Raw data below:

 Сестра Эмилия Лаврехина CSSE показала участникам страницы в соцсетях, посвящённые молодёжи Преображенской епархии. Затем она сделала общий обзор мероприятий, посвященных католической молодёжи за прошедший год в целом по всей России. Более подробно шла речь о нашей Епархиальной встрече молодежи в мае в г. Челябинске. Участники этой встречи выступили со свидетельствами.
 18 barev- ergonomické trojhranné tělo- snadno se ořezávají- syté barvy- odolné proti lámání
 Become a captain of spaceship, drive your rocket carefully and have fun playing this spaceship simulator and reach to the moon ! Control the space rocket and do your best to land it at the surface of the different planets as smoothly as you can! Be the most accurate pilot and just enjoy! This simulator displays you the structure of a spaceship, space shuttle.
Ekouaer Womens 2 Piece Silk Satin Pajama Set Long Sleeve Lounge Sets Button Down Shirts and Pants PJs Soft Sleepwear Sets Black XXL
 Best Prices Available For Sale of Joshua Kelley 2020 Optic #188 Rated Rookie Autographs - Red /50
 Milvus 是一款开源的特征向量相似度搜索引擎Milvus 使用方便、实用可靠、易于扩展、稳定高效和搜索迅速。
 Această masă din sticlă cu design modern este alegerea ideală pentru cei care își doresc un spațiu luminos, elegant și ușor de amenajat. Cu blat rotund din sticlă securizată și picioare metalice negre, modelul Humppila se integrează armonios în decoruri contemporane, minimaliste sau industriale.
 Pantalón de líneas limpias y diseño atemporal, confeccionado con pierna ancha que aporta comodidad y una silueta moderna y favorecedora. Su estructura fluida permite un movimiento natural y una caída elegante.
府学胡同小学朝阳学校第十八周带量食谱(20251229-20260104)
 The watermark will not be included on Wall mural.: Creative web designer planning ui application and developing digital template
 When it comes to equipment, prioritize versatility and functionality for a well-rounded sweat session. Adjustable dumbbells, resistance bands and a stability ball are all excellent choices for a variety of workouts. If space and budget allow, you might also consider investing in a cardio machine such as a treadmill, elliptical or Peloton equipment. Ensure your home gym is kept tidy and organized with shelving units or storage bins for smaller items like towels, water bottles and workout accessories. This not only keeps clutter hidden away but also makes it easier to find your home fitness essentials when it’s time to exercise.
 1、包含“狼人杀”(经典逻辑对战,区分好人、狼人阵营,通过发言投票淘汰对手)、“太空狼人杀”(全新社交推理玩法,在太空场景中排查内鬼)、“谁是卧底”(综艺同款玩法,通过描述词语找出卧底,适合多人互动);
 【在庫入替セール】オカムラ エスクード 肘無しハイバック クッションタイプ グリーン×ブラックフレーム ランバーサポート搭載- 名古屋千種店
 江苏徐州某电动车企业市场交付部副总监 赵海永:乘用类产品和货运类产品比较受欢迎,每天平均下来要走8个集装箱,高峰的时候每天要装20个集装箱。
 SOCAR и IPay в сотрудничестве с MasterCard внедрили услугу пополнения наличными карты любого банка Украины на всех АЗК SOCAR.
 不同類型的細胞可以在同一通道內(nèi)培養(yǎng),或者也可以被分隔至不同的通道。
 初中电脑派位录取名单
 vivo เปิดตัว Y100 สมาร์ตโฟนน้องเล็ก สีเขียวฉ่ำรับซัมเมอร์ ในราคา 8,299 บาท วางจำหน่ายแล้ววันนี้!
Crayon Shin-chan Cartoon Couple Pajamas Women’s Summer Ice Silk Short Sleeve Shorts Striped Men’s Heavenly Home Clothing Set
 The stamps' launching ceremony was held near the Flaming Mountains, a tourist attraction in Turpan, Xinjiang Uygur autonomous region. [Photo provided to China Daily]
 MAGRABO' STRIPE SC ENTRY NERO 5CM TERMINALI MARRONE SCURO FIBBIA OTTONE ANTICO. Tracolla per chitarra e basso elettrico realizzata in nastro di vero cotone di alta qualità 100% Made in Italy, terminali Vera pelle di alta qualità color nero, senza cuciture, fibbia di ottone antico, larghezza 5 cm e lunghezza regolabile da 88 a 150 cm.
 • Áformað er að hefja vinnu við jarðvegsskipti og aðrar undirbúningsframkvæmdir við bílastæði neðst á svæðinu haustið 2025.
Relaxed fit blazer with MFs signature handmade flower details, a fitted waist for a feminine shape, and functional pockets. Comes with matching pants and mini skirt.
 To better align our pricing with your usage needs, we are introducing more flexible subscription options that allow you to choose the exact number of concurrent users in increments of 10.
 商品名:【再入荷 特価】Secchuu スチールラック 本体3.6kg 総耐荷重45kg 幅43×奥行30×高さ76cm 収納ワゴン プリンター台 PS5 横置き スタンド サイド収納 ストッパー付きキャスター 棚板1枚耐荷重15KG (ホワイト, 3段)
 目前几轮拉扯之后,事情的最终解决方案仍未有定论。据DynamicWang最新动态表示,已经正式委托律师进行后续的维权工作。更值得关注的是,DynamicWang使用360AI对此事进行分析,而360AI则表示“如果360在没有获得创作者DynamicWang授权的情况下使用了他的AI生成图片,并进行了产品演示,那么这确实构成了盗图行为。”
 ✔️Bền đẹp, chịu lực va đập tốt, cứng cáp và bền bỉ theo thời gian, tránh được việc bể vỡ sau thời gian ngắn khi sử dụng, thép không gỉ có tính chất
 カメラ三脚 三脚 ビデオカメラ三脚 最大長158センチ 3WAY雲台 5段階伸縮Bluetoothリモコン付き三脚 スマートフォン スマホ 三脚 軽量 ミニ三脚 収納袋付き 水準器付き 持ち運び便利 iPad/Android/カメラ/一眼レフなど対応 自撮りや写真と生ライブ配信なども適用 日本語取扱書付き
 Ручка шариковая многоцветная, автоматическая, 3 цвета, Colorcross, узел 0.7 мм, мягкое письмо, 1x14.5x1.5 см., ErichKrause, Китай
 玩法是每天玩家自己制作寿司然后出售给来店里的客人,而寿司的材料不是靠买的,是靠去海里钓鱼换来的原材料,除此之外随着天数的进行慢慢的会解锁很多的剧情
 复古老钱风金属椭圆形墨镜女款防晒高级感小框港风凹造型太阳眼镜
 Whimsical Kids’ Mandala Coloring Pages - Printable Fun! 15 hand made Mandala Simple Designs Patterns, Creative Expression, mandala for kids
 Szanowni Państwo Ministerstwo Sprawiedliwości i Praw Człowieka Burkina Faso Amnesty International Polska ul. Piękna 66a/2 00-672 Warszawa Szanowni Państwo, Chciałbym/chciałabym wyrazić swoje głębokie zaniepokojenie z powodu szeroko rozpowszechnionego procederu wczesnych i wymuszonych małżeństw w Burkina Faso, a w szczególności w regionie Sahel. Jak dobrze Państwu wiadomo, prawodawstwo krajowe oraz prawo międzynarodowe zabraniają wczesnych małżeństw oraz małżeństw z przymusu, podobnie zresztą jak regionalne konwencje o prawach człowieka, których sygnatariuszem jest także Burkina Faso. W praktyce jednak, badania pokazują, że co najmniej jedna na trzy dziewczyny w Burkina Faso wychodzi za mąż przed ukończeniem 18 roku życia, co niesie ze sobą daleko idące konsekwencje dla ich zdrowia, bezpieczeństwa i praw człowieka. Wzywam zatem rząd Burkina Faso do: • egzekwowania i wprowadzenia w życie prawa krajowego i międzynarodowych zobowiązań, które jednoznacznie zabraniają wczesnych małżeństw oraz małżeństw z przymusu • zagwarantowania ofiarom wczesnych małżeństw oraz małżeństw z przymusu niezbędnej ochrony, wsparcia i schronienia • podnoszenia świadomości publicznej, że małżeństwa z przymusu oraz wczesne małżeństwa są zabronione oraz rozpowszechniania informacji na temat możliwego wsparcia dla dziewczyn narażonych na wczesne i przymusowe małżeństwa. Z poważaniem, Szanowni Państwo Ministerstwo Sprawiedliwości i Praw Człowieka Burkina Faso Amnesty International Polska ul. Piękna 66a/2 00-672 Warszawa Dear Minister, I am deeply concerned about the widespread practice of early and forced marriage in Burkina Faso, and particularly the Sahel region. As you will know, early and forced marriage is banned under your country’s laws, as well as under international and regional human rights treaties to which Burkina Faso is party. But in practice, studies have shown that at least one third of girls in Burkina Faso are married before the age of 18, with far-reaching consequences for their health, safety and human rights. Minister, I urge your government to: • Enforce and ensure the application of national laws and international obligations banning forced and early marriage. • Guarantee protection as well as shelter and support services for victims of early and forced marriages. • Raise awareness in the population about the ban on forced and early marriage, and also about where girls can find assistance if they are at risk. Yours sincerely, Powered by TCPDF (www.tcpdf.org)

End of Raw data.

= Exercise directions =
Whichever lines of the records above hold the word "Sleeve" should all be copied out.

= Output =
Ekouaer Womens 2 Piece Silk Satin Pajama Set Long Sleeve Lounge Sets Button Down Shirts and Pants PJs Soft Sleepwear Sets Black XXL
Crayon Shin-chan Cartoon Couple Pajamas Women’s Summer Ice Silk Short Sleeve Shorts Striped Men’s Heavenly Home Clothing Set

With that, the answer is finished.